DÉMATÉRIALISATION ET MODULES COMPLÉMENTAIRES SUR APPEL :L’ARCOP consolide l’architecture avant la généralisation

DÉMATÉRIALISATION ET MODULES COMPLÉMENTAIRES SUR APPEL :L’ARCOP consolide l’architecture avant la généralisation

Réuni autour du Directeur général de l’ARCOP, le comité de pilotage de la phase pilote a passé en revue un dispositif complémentaire devant permettre d’aboutir à une dématérialisation intégrale, couvrant l’ensemble du cycle de passation des marchés publics, depuis la publication du plan de passation des marchés (PPM) jusqu’à l’attribution définitive. « Il ne serait ni cohérent ni pertinent d’engager une généralisation si l’Administration ne peut pas dérouler la procédure de bout en bout sur la plateforme APPEL (achats publics en procédures électroniques) », a souligné le Dr Moustapha DJITTÉ.

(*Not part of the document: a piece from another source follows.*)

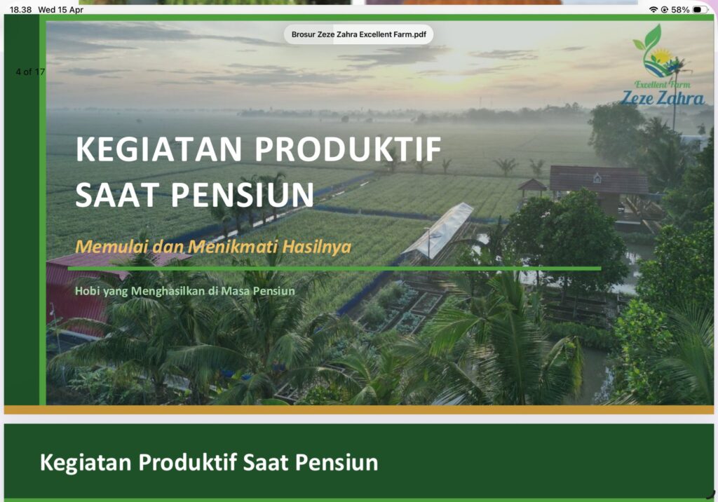 Jadi rencananya dari perusahaan akan mengirimkan sekitar 35 orang staff untuk farm visit dalam rangka MPP. Mereka mendapat pembekalan sebelumnya terkait materi finansial, kegiatan pasca pensiun, ide usaha dan lain-lain. Di Zeze Zahra, kami tinggal melengkapinya dari sisi apa yang ada di kami, yaitu terkait pertanian dan peternakan terpadu.
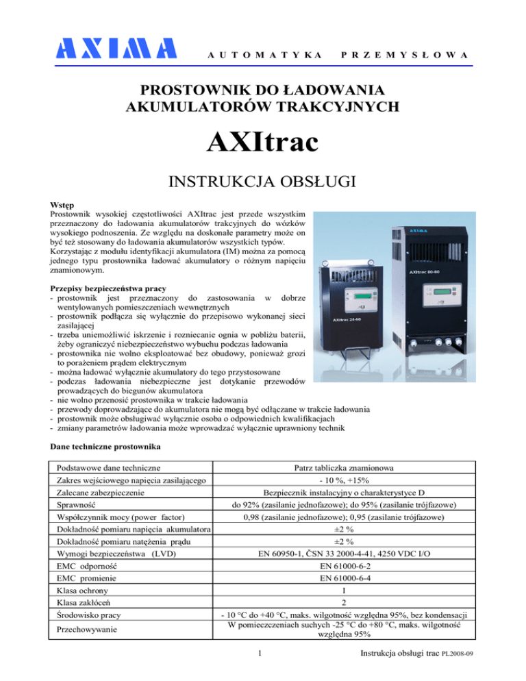 A U T O M A T Y KA P R Z E M Y S Ł O W A PROSTOWNIK DO ŁADOWANIA AKUMULATORÓW TRAKCYJNYCH AXItrac INSTRUKCJA OBSŁUGI Wstęp Prostownik wysokiej częstotliwości AXItrac jest przede wszystkim przeznaczony do ładowania akumulatorów trakcyjnych do wózków wysokiego podnoszenia. Ze względu na doskonałe parametry może on być też stosowany do ładowania akumulatorów wszystkich typów. Korzystając z modułu identyfikacji akumulatora (IM) można za pomocą jednego typu prostownika ładować akumulatory o różnym napięciu znamionowym. Przepisy bezpieczeństwa pracy - prostownik jest przeznaczony do zastosowania w dobrze wentylowanych pomieszczeniach wewnętrznych - prostownik podłącza się wyłącznie do przepisowo wykonanej sieci zasilającej - trzeba uniemożliwić iskrzenie i rozniecanie ognia w pobliżu baterii, żeby ograniczyć niebezpieczeństwo wybuchu podczas ładowania - prostownika nie wolno eksploatować bez obudowy, ponieważ grozi to porażeniem prądem elektrycznym - można ładować wyłącznie akumulatory do tego przystosowane - podczas ładowania niebezpieczne jest dotykanie przewodów prowadzących do biegunów akumulatora - nie wolno przenosić prostownika w trakcie ładowania - przewody doprowadzające do akumulatora nie mogą być odłączane w trakcie ładowania - prostownik może obsługiwać wyłącznie osoba o odpowiednich kwalifikacjach - zmiany parametrów ładowania może wprowadzać wyłącznie uprawniony technik Dane techniczne prostownika Podstawowe dane techniczne Patrz tabliczka znamionowa Zakres wejściowego napięcia zasilającego - 10 %, +15% Zalecane zabezpieczenie Sprawność Współczynnik mocy (power factor) Bezpiecznik instalacyjny o charakterystyce D do 92% (zasilanie jednofazowe); do 95% (zasilanie trójfazowe) 0,98 (zasilanie jednofazowe); 0,95 (zasilanie trójfazowe) Dokładność pomiaru napięcia akumulatora ±2 % Dokładność pomiaru natężenia prądu ±2 % Wymogi bezpieczeństwa (LVD) EN 60950-1, ČSN 33 2000-4-41, 4250 VDC I/O EMC odporność EN 61000-6-2 EMC promienie EN 61000-6-4 Klasa ochrony I Klasa zakłóceń Środowisko pracy Przechowywanie 2 - 10 °C do +40 °C, maks. wilgotność względna 95%, bez kondensacji W pomieczczeniach suchych -25 °C do +80 °C, maks. wilgotność względna 95% 1 Instrukcja obsługi trac PL2008-09 Instalacja prostownika Prostownik może być ustawiony na ziemi lub zawieszony na ścianie. Prostowniki 24-60, 24-100, 48-30, 48-50, 80-27,96-25 można eksploatować również w położeniu poziomym. W celu zapewnienia poprawnego działania prostownika należy zapewnić wolną przestrzeń w odległości co najmniej 100mm z boków i od strony czołowej ze względu na konieczną wentylację. Otwory przeznaczone do zasysania powietrza nie mogą być zasłonięte. W przypadku zapylonego pomieszczenia korzystniejsze jest zawieszenie prostownika na ścianie. Prostownika nie wolno używać w ekstremalnie zapylonym pomieszczeniu. Grozi to bowiem pogorszeniem chłodzenia wewnętrznych części urządzenia. Prostownik podłącza się do sieci zasilającej za pomocą wtyczki sieciowej. Zastosowane gniadko sieciowe musi być zabezpieczone odpowiednim bezpiecznikiem. Obudowę prostownika należy połączyć za pośrednictwem wtyczki z przewodem ochronnym PE. Z wyjścia prostownika są wyprowadzone przewody do podłączenia akumulatora, biegun dodatni jest oznaczony kolorem czerwonym a ujemny niebieskim. Podczas ładowania należy liczyć się ze spadkiem napięcia na tych przewodach. Po zmianie długości przewodów należy wprowadzić nową wartość ich rezystancji. Wyposażenie dodatkowe pompa powietrzna do napowietrzania elektrolitu; służy do przyspieszenia ładowania moduł identyfikacyjny; umożliwia nadanie numeru akumulatora, który umożliwia ewidencję jego ładowań i odróżnianie różnych akumulatorów (napięcie, pojemność, krzywa ładowania), prostownikiem można ładować akumulatory aż do napięcia znamionowego prostownika czujnik temperatury; podłącza się do modułu identyfikacyjnego i służy do ochrony akumulatora przed przegrzaniem przy ładowaniu czujnik poziomu elektrolitu; sprawdza poziom elektrolitu przy ładowaniu, w odpowiedniej chwili dolewana jest woda do celki poprzez załączenie elektrozaworu Funkcje prostownika Prostownik oprócz ładowania podstawowego umożliwia też w trybach specjalnych pracy konserwację akumulatora (patrz niżej). Przy ładowaniu (tryby standardowe i szczególne) trzeba przestrzegać następującej kolejności operacji: - Podłączyć prostownik do sieci zasilające, - Do prostownika podłączyć akumulator, - Ładowanie standardowe zaczyna się, przebiega i kończy automatycznie, z zasady bez korzystania z przycisków, - Tryb odsiarczania w razie potrzeby włączamy przyciskiem REGEN, - Po zakończeniu ładowania (zielona lampka sygnalizacyjna świeci ciągle) odłączamy akumulator, - Jeżeli trzeba odłączyć akumulator w trakcie ładowania (zielona lampka sygnalizacyjna miga), kończymy ładowanie przyciskiem STOP a potem odłączamy akumulator, - Prostownika nie wolno odłączyć od sieci, aż na wyświetlaczu nie pojawi się komunikat BATERIA NIE PODŁĄCZONA (jest to wygodne przy dłuższej przerwie w pracy, przy użytkowaniu okresowym nie jest to konieczne). Ładowanie podstawowe Start ładowania podstawowego zaczyna się po czasie 15s od podłączenia akumulatora, bez naciskania przycisku. Ładowanie przebiega zgodnie z charakterystyką odpowiednią dla danego typu akumulatora. Miga zielona lampka kontrolna - zachodzi ładowanie. Na wyświetlaczu są przy tym przedstawiane następujące dane: ilość wprowadzonych Ah, faza ładowania, czas ładowania w aktualnym cyklu, napięcie w V/ogniwo, prąd wpływający do akumulatora, kod usterki. Kolejne fazy ładowania: TST-test akumulatora, PRE-ładowanie wstępne, CHA-ładowanie, PST-ładowanie końcowe. Stale świeci się zielona lampka kontrolna – zakończenie ładowania. Po zakończeniu

La rencontre a permis de faire le point sur l’intégration prochaine de plusieurs modules. Parmi eux figurent l’évaluation des offres, les procédures dérogatoires, notamment l’entente directe, ainsi que les procédures relatives aux prestations intellectuelles, qui obéissent à un régime spécifique dans le Code des marchés publics. À l’heure actuelle, certaines de ces procédures ne sont pas encore intégrées dans l’environnement numérique. Leur prise en charge vise à éviter toute rupture dans le processus. « Faire une partie de la procédure sur la plateforme et revenir ensuite au schéma traditionnel ne répond pas à notre vision », a insisté le Directeur général, réaffirmant l’option d’une dématérialisation complète plutôt que partielle.

Initialement prévue d’octobre 2025 à janvier 2026, la phase pilote devrait être légèrement prolongée afin de permettre à la task-force technique de finaliser les développements complémentaires. L’objectif est de consolider l’architecture de la plateforme avant toute généralisation à grande échelle.

Autre point majeur évoqué, l’introduction de fonctionnalités intégrant l’intelligence artificielle (IA) pour accompagner le processus d’évaluation. Le patron de l’ARCOP a tenu à lever toute équivoque : il ne s’agit pas de confier l’évaluation des marchés publics à l’IA, mais d’utiliser cet outil comme un appui technique destiné à renforcer l’efficacité et la fiabilité du traitement des dossiers. « L’intelligence artificielle viendra accompagner l’œuvre d’évaluation, mais elle ne se substituera ni aux commissions ni aux exigences réglementaires », a-t-il précisé.

En plus des développements techniques, les discussions ont porté sur l’ancrage juridique de la plateforme. L’ARCOP a fait le choix de s’en tenir strictement aux prescriptions légales et réglementaires, sans chercher à reproduire des pratiques individuelles propres à chaque administration. « Nous avons décidé de rester sur les fondamentaux qui cadrent avec la réglementation. C’est sur ce consensus que reposera la plateforme », a expliqué le Dr DJITTÉ.

La gestion des contentieux, notamment les recours gracieux et la saisine du Comité de Règlement des Différends (CRD), fera également l’objet d’un module dédié. Un chantier jugé essentiel pour garantir la transparence et la traçabilité des décisions.

Présentée comme un outil évolutif, la plateforme ne se veut pas figée. Les modules déjà opérationnels seront ajustés à l’épreuve de la pratique. L’ARCOP s’inscrit dans une logique d’amélioration continue, afin d’offrir aux administrations un environnement numérique stable, sécurisé et adapté aux réalités du terrain.

La généralisation de la plateforme se profile. Mais l’outil doit être d’abord pleinement opérationnel, juridiquement solide et techniquement abouti. Une exigence qui, aux yeux des responsables de l’ARCOP, constitue le socle d’une modernisation réussie de la commande publique.